MooseFS performance scores high on InfiniBand Network

November 24th, 2017 | MooseFS Team post_thumbnail

MooseFS showcases good performance on InfiniBand Network! In this article, we show how we tested MooseFS performance on InfiniBand Network and present what results the MooseFS has achieved.

We are excited to announce that tests were successfully conducted by Core Technology in cooperation with the Interdisciplinary Centre for Mathematical and Computational Modelling at the University of Warsaw, to check the performance of MooseFS over IPoIB configuration, demonstrating throughput numbers in single client and distributed setup environments. These tests were performed with MooseFS 4.0 software version but the results are also achievable with MooseFS 3.0.92+ version.

The tests show that the MooseFS distributed file system is able to achieve very good performance with IPoIB protocol. Also, we get to understand that the best performance can be achieved using at least 4 threads and block size of at least 64k. Block size is a very important aspect of TCP/IP network communication, especially for random operations.

The gathered data shows that not in all cases, increasing the number of threads increases MooseFS client performance. When we use block sizes greater than 128k the performance of sequential and random read/write does not increase more. However, increasing the number of threads very quickly leads to maximum throughput for sequential read and write. Also, random read performance increases up to 12 threads for 2048k blocks and is linear for a 16k block in whole test range from 1 to 16 threads.

All the results were achieved with IPoIB configuration. Native IB throughput achieved in such a setup is unparalleled. All tests proved that storage based on MooseFS with InfiniBand network was able to provide exceptional performance. MooseFS network defined storage is a perfect solution for HPC environment. The optimal power of MooseFS is noticeable with parallel operations on many distributed MooseFS clients. This is indeed a very good news for all the MooseFS users!
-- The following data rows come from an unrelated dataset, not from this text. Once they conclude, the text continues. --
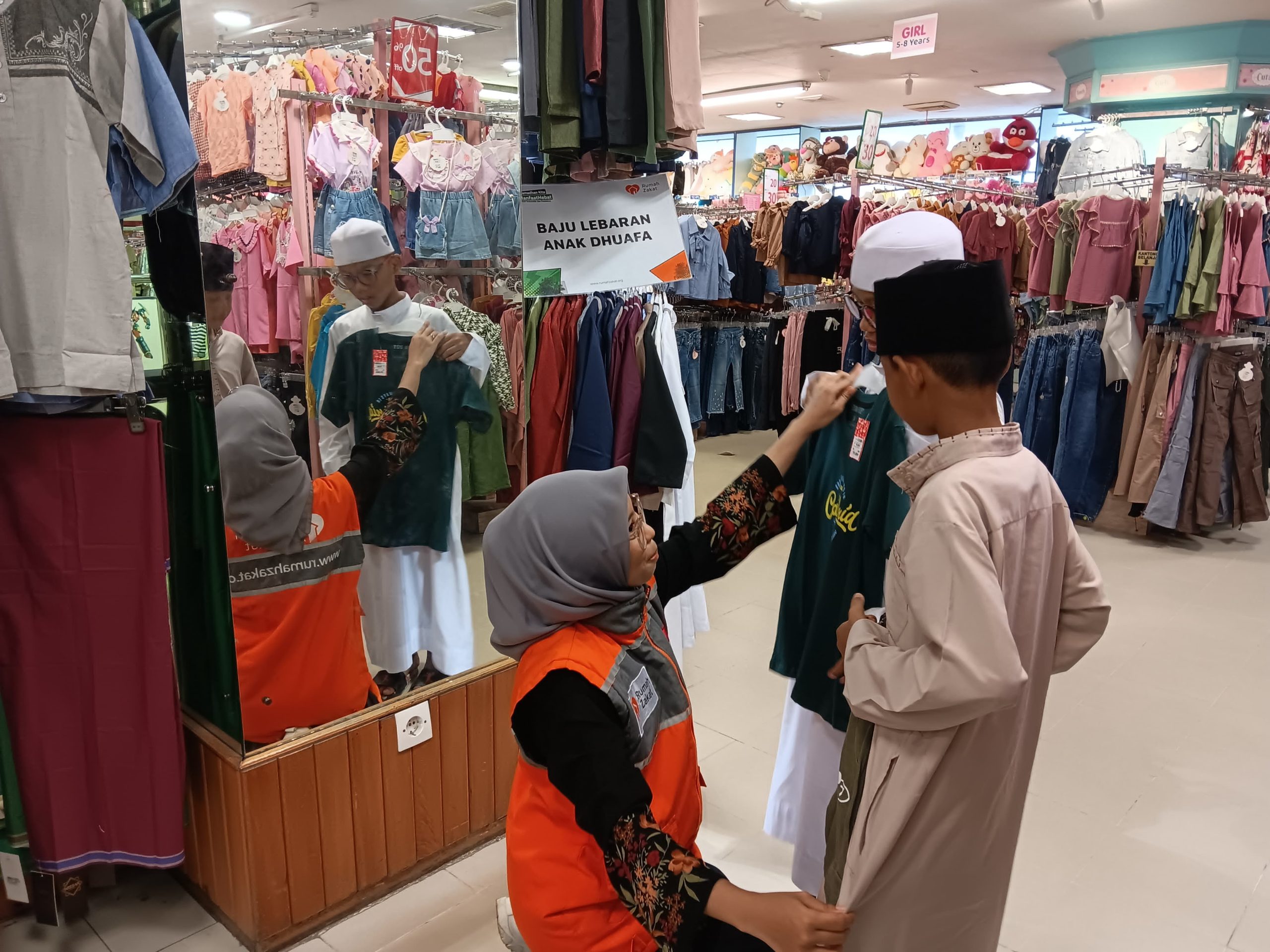 Palembang,Arungmedia.com —– Senyum bahagia tidak dapat disembunyikan Tegar dan Zahra saat diajak tim Rumah Zakat berbelanja baju lebaran di salah satu pusat berbelanja Kota Palembang, selasa (26/3/24).
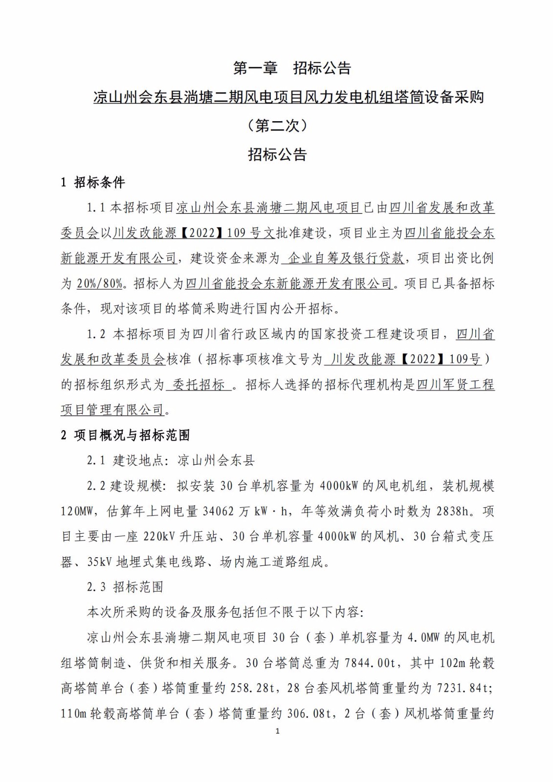 1.1本招标项目凉山州会东县淌塘二期风电项目已由四川省发展和改革委员会以川发改能源【2022】109号文批准建设,项目业主为四川省能投会东新能源开发有限公司,建设资金来源为 企业自筹及银行贷款,项目出资比例为20%/80%。招标人为四川省能投会东新能源开发有限公司。项目已具备招标条件,现对该项目的塔筒采购进行国内公开招标。
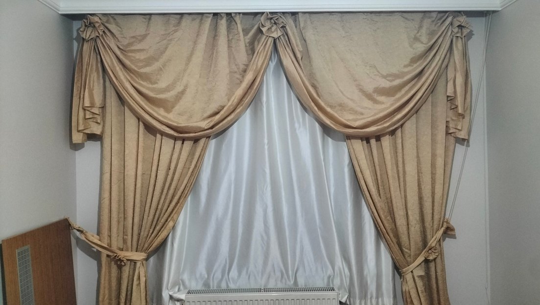 Bej renkli, klasik tarzda, desensiz perde
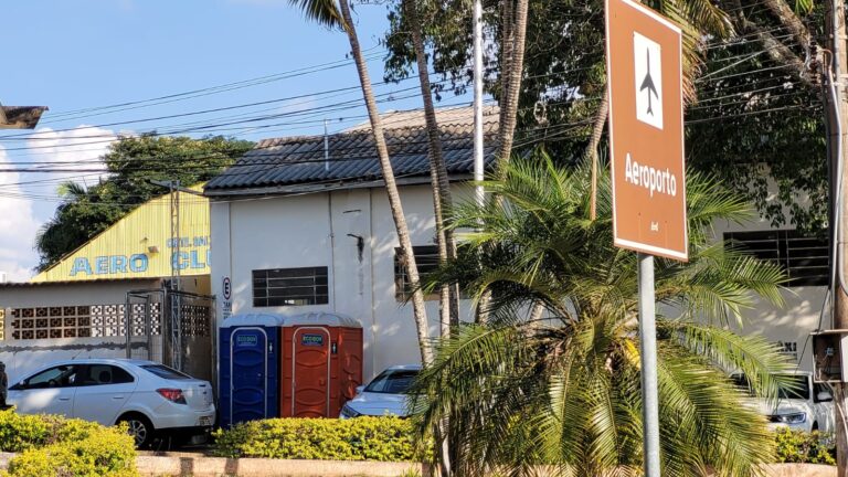 Banheiros químicos ao ar livre revoltam usuários do aeroporto de Marília
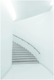 A sleek, minimalist staircase with a curved metal railing in a bright modern interior setting.
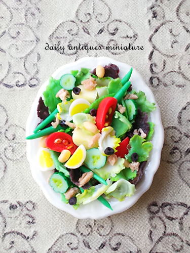こんにちは。 夏休みをいただいた分、超特急で作業をしております。 、、、お休みは出かけてしまうと全然休みにならず(汗)気分転換という感じですかねぇ 。 もう少し追加で食べ物を作ることにしました。 こちらはサラダ二ソワーズ。フランスのニース風のサラダです。 小さいバージョン(と言ってもモリモリ♪サラダプレートサイズ)と大皿バージョンを作りました。 小さい方にはフォークも付けました。 お気に入りの陶器のプレートを使いましたよ〜。 サラダ菜、レタス数種類、ゆで卵、トマト、ジャガイモ、きゅうり、...
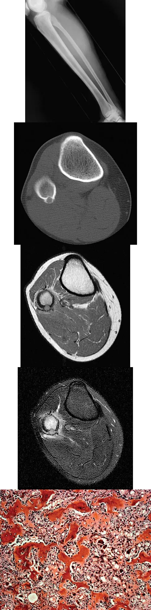 The clinical presentation, imaging (cortically based lytic lesion with surrounding edema), and histology are diagnostic of an osteoid osteoma. Histologically, it consists of a highly vascularized nidus of interlacing trabeculae of osteoid and woven bone lined by plump, benign osteoblasts.

About ICM UW  (Interdisciplinary Centre for Mathematical and Computational Modelling at University of Warsaw)

ICM UW is a leading data science facility in Central Europe. High-performance computers used for processing, analysis, visualization and advanced computing tasks are ICM specialty. ICM’s goal is to understand data and provide innovative solutions to organizations and institutions, taking advantage of their data science expertise.
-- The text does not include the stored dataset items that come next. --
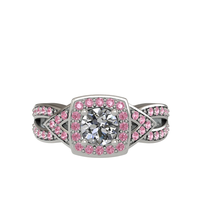 Beyaz zirkon ve pembe kuvars 14 ayar beyaz altın yüzük
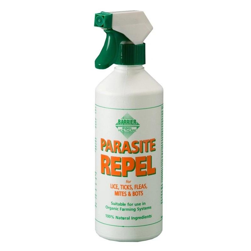 Barrier Parasite Repel is a 100% natural formulation. Effectively repels all types of sucking and biting lice, mite (including the Harvest mite), midge, tick, mosquito and black fly for up to 24 hours. Suitable for young, recovering and elderly animals including horses, ponies, cattle, dogs, cats and other small pets. Spray directly onto ticks and bot eggs to loosen naturally then simply wipe away. Fully HSE approved – HSE 8163.
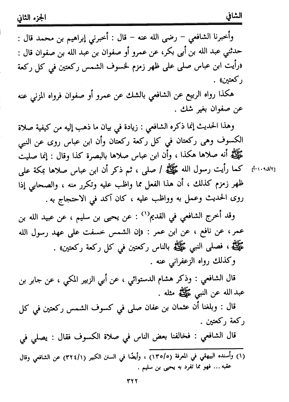 وأخبرنا الشافعي -رضي الله عنه- قال: أخبرني إبراهيم بن محمد قال: حدثني عبد الله بن أبي بكر، عن عمرو أو صفوان بن عبد الله بن صفوان قال: "رأيت ابن عباس صلى على ظهر زمزم لخسوف الشمس ركعتين في كل ركعة ركعتين".
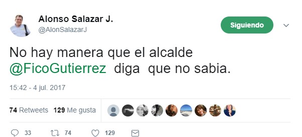 Con conocimiento de causa por haber sido alcalde de Medellín, y antes secretario de gobierno de Sergio Fajardo en tiempos de la desmovilización de los Paramilitares en Medellín, Alonso Salazar publicó este trino "No hay manera que el alcalde Federico Gutierrez diga que no sabía" con el que busca tirarle un dardo al alcalde con quien ha mantenido distancia por el manejo de la seguridad.
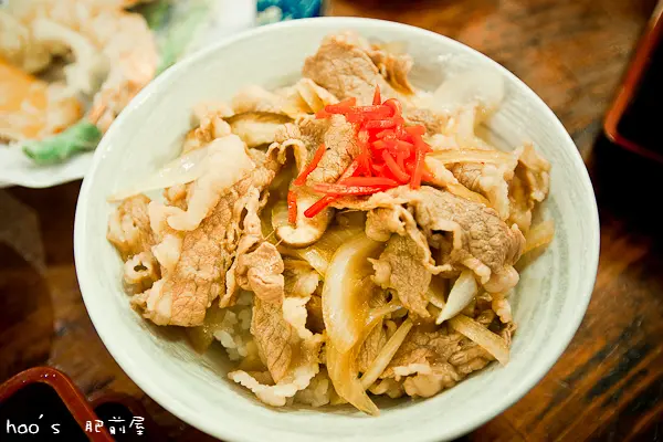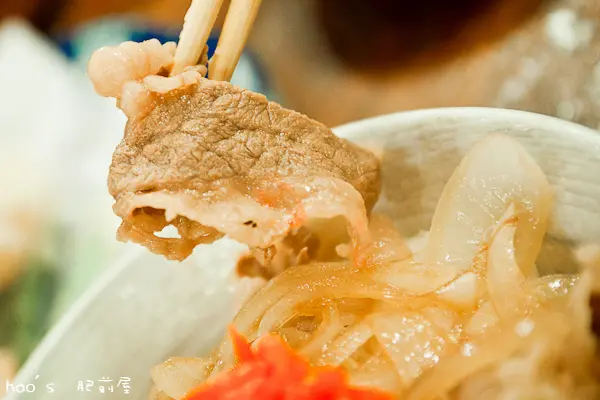 醬煮牛肉、大量洋蔥、少許香菇切片,搭上紅薑切絲,
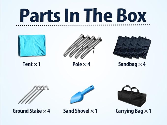 - 【 Effortless Sunshade Angle Control 】 - With the changing position of the sun, you can effortlessly adjust the angle of our beach tent to ensure maximum shade and comfort. No more struggling with heavy sandbags or labor-intensive digging - our innovative design makes adjusting the sunshade angle a breeze.
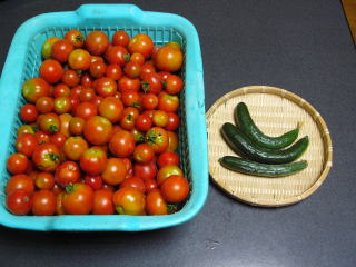 初収穫となったキュウリ。神前、仏前に供えました。トマトは相も変わらず絶好調です。ジュースにしていただきました。 2008.08.10 17:30 撮影

For more information please visit: http://icm.edu.pl

The tests were conducted in Single Client and Distributed Client setup Environments.The below two sections provide us with the detailed analysis in these two setups.

Single client test

The following section provides single client test description and configuration details. Single client test means that in the whole MooseFS cluster setup, only one server was dedicated as MooseFS client. Benchmark was executed inside the MooseFS client mount point. Benchmark tool used in this test was IOzone software, version 3.465.
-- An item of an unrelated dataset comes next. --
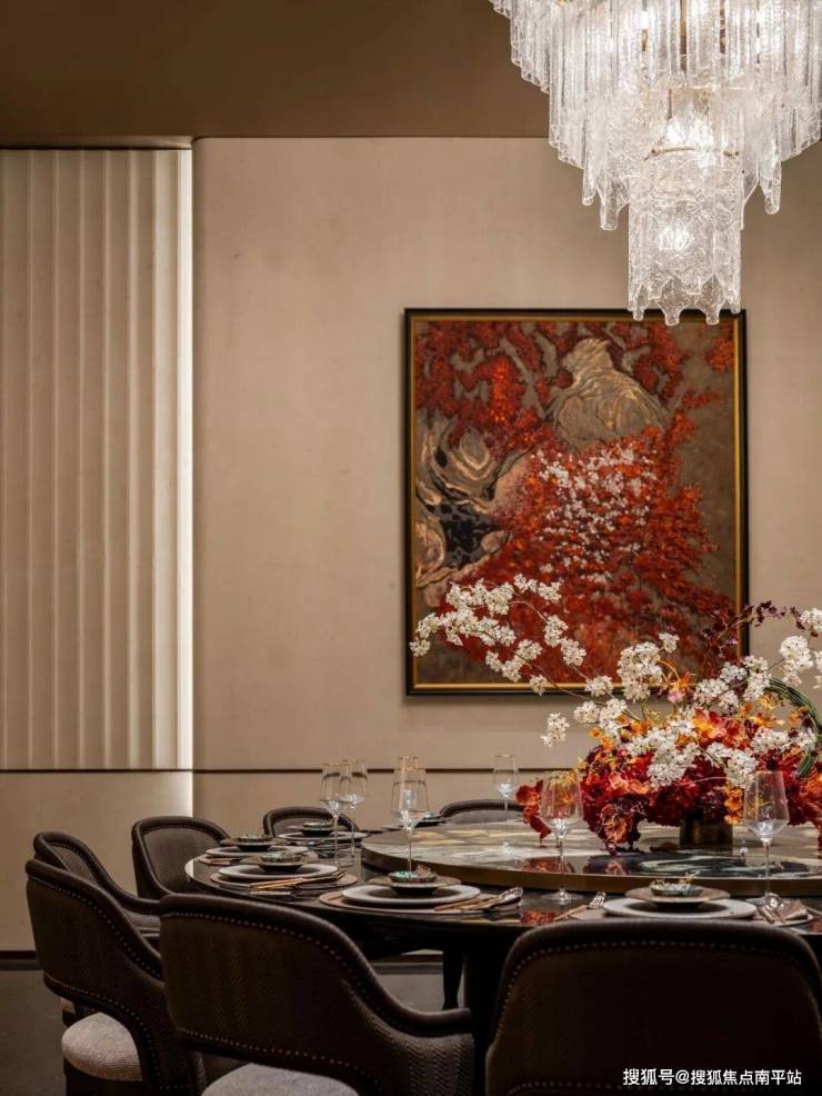 现场的软装与陈设,更是弥漫着艺术气息。应麦可抽象艺术挂画与非遗金属抬錾刻技艺装饰画,形成现代与传统的共鸣,为空间注入了艺术灵魂。

MooseFS client tests were performed to show the differences between different block sizes and a number of threads. In data transmission and data storage, a block, sometimes called a physical record, is a sequence of bytes or bits, usually containing some whole number of records, having a maximum length. The number of threads in IOzone benchmark means the number of parallel processes executed during measurement. Each thread operates on one file. In a single client test, the maximum number of threads was set to 16. It means that 16 files were created in MooseFS cluster.

To properly measure performance differences between different block sizes and a number of threads, the test was executed five times for each set of parameters. Maximum and minimum results were removed from average calculations.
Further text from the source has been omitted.